The groups would then be followed for a specified amount of time to see if Ebola infections were less frequent among those given a vaccine.
A number of experts are not comfortable with the idea of withholding the vaccine from some trial participants, saying other trial designs could answer the question in a less ethically challenging approach. One suggestion, says German researcher Stephan Becker, would be to vaccinate inhabitants in a village in an infected country, and compare infection rates there to those in similar villages where vaccine has not yet been made available.
"For me this sounds a bit ... not practical," Becker, who is at the University of Marburg, in Germany, says of a traditional randomized controlled trial. Becker is negotiating with NewLink to conduct a small clinical trial of the Canadian vaccine in Germany.
Becker is not the only scientist to question the agreed-to approach. But a source who asked not to be named says the U.S. government — which has footed the bill for much of the research behind the vaccines and drugs, and which will likely take a lead role in paying for production and dissemination of Ebola vaccines — wants to know the vaccines work before it spends hundreds of millions of dollars on them.
Fauci points to a clinical trial of an HIV vaccine that was stopped a couple of years ago as an example of why it's critical to know whether the vaccine is actually effective before it is broadly used.
The HIV vaccine looked good in animal studies and seemed safe in the small initial human trials in healthy volunteers. But when it was given in the field, people who got the vaccine actually contracted HIV at a higher rate than people in the placebo arm of the trial.

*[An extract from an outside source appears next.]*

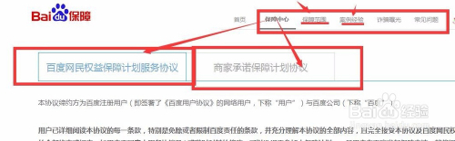 会看到“百度网民权益保障计划”“商家服务承诺保障计划”两大块,我们只要“百度网民权益保障计划”即可。

"So those are the kinds of things that you have to take into consideration, particularly if there's even a possibility that you're going to widely deploy a vaccine," Fauci says.
Farrar prefers the trial design Becker suggested, but says the important thing is not to let differences about which approach is better delay the work.

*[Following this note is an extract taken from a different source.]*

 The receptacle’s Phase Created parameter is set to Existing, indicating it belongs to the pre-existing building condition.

"We mustn't be in a situation where we're having the same conversation six months from now as the epidemic is still raging and we're still only discussing how we might move things through into Phase 1 and Phase 2 testing," Farrar insists.
He also says work must be done concurrently to answer the questions on how vaccine would be rolled out when it becomes available. Who gets it first? How will delivery be organized? How will it be delivered to remote parts of the affected countries?
"Can you throw it out of a helicopter? Do you need a cold chain?" Farrar asks, a term that means a product must be kept refrigerated or frozen or else it becomes unusable. "We can't be scratching our heads when we got a vaccine."
Farrar also insists work must be done to test and make the experimental Ebola drugs. Having a treatment to offer people who are sick will inspire more to turn themselves in for care when they become infected, he says.